In a 2023 special session, the state passed SBX1-2 in response to a surge in gas prices that occurred during a planned maintenance period for California refineries. That law authorizes the CEC, in concert with state agencies and industry and labor stakeholders, to regulate the timing of refinery turnarounds and maintenance to “minimize the impact of maintenance-related production losses on fuel prices.”

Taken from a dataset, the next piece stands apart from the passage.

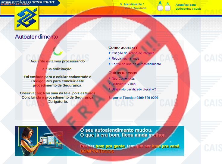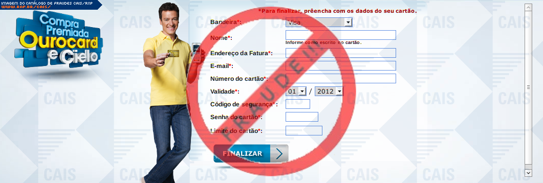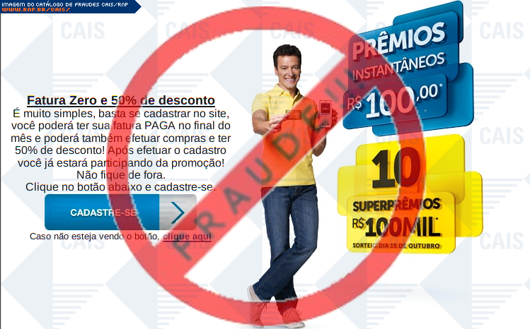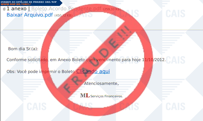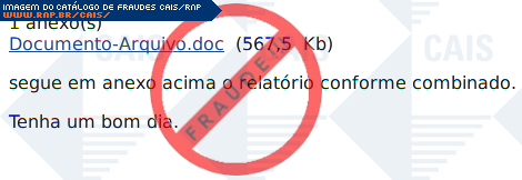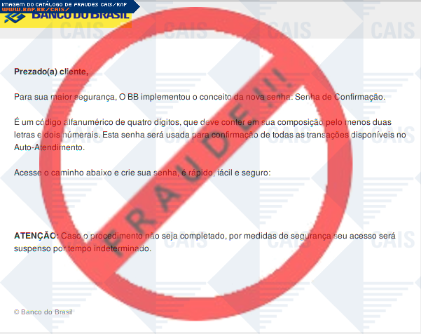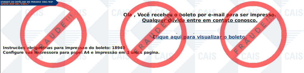 Esta página tem função informativa e educativa. Exibe uma coleção de imagens de phishing scam (fraudes eletrônicas) ou malware (código malicioso) veiculados por meio de spam (e-mail não-solicitado). Trata-se de conteúdo exemplificativo, não exaustivo, uma vez que não é possível contemplar todos os casos de fraudes existentes. Assim, caso você tenha conhecimento de um exemplar que não esteja aqui presente, isto não significa que não seja válido ou real. Inclusive incentivamos que você o envie para análise do CAIS para que, se for o caso, passe a integrar o nosso acervo.

ABX2-1 further expands CEC authority, allowing it to require oil refiners operating in California to maintain established minimum inventory levels. The new law authorizes the CEC to create regulations that 1) establish minimum inventory levels, 2) maximize use of existing fuel storage infrastructure, 3) waive the requirements for small refineries, 4) adjust the inventory requirement, and 5) identify market conditions that allow a refinery’s inventory to fall below the specified minimum. ABX2-1 instructs the CEC only to adopt minimum inventory regulations if it finds the likely benefit to consumers of preventing gas price volatility outweighs the potential costs, and lists certain factors for the CEC to consider when making this determination. It also requires that refiners demonstrate to the CEC that they have satisfactory plans for resupplying the losses they incur during maintenance to avoid adversely affecting California’s gas market.

ABX2-1 prevents the CEC from imposing its inventory regulations on refiners in a way that would require them to build additional fuel storage infrastructure. While the CEC previously concluded that sufficient aggregate storage capacity exists to maintain the minimum inventory required to protect against price spikes, it also cited a need for continued analysis of individual refinery access to that storage infrastructure. The CEC’s analysis may be further complicated by the fact that a major refinery in Los Angeles that accounts for 8% of the state’s refining capacity recently announced plans to close, citing long-term uncertainty.

Under ABX2-1, a refiner in violation of CEC minimum inventory requirements will have three days after receiving notice of the violation to comply. After three days, the refiner is subject to administrative penalties of up to $1,000,000 per day of noncompliance.

Assemblymembers Gregg Hart and Cecilia Aguiar-Curry and Sen. Nancy Skinner authored ABX2-1. The bill sunsets Jan. 1, 2033.